The Daedra (sing. Daedroth; Eurasian: Didrae, sing. Didra; Dovahzul: Deyra) are a group of powerful immortal beings in Novem Deos. Considered the antithesis of the Aedra, the Daedra share no spiritual or ephemeral connection with the mortal world, and are totally alien beings. They are considered by many Deosians to be evil, cursed creatures, and their worship is highly ostracized in Eurasia and outright banned in Cortoriacum.

The Daedra are ruled, according to Deosian teachings, by the Daedric Princes, a cadre of sixteen of the most powerful Daedra, each of whom rules a section of Oblivion (see Deosian Cosmology). These princes maintain total control of their respective realms, and often seek to ensnare the souls of mortals in Deosian lore.

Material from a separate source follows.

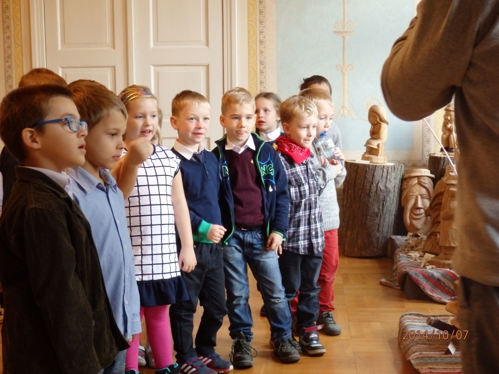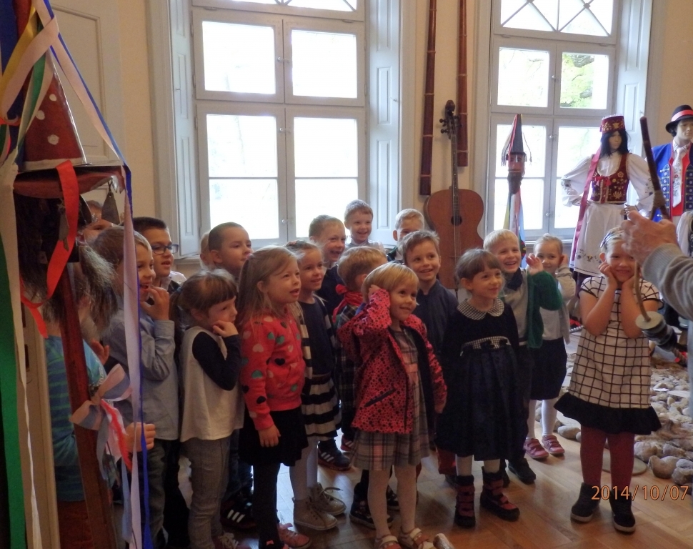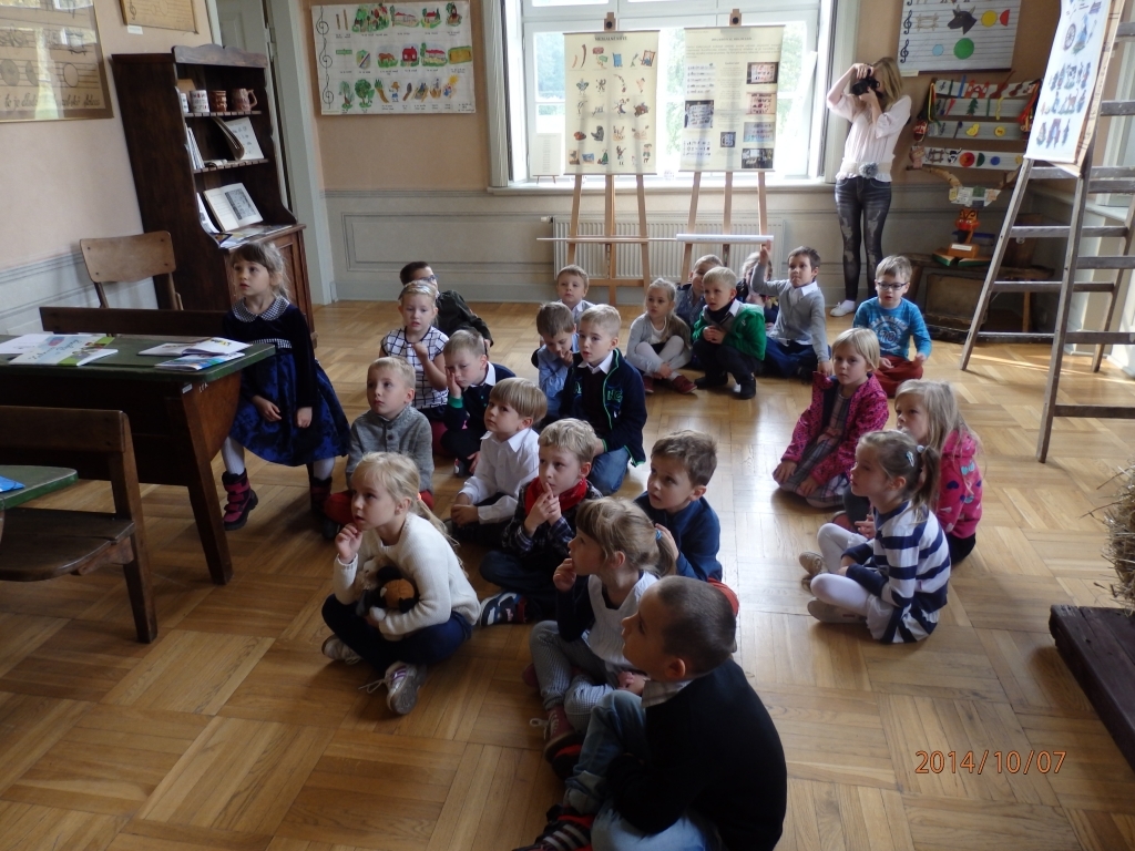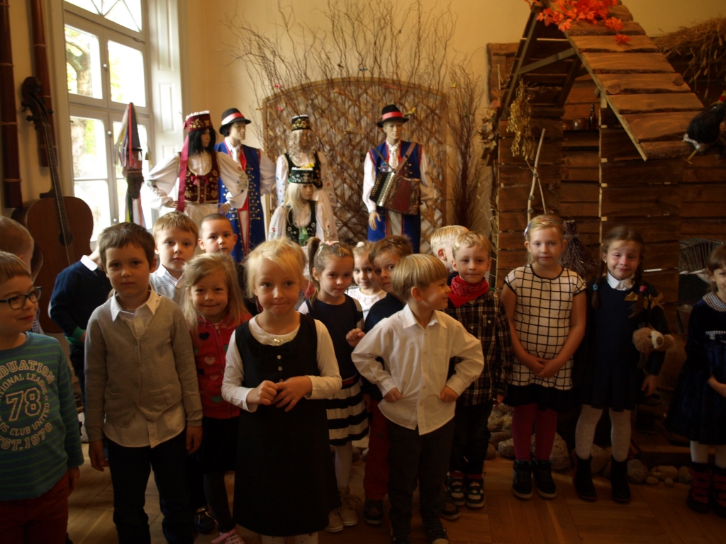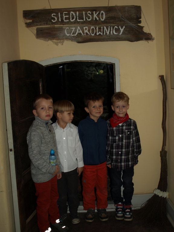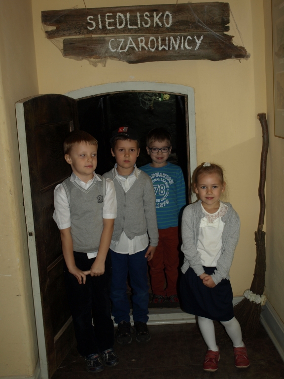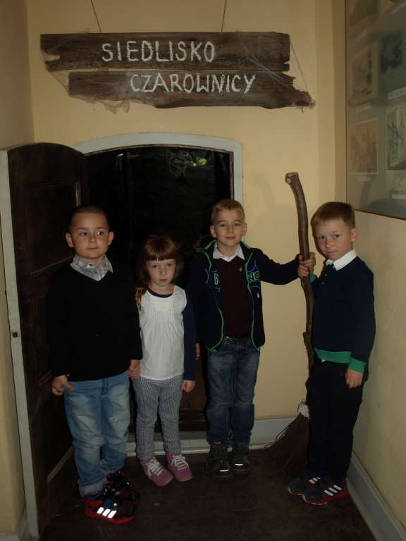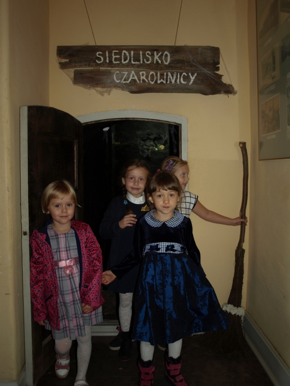 Pewnego październikowego poranka dzieci z grupy A i B wybrały się na spacer do Muzeum Piśmiennictwa i Muzyki Kaszubsko-Pomorskiej w Wejherowie. Miały okazje dowiedzieć się więcej o historii pałacu, poznaliśmy kaszubski alfabet i nauczć się kilku zwrotów w języku kaszubskim. Okazało się, że muzeum kryje w sobie wiele ciekawych komnat. Uczniowie zwiedzili salę z kaszubskimi instrumentami i naczyniami. Przyglądali się licznym eksponatom, takimi jak książki, fotografie, widokówki i stare maszyny pisarskie. Odwiedzili dawną salę lekcyjną a nawet upiorną komnatę czarownicy.

The word "daedra" is ultimately of Ayleid origin (D'ay'drah), meaning literally "not of our ancestors". It entered English vernacular through Eurasian "Didra". The singular form of daedra is daedroth, however the word daedroth is gradually becoming obsolete as daedra takes on both a singular and plural meaning. Daedra are also commonly referred to as "demons" by laymen and non-Deosians, despite the fact that Daedra do not necessarily fit the conceptualization of "demonic" in all cases. It is worthy of note, however, that many do fill this role, and that Christian concepts of demons may well be based off of Deosian daedric legends.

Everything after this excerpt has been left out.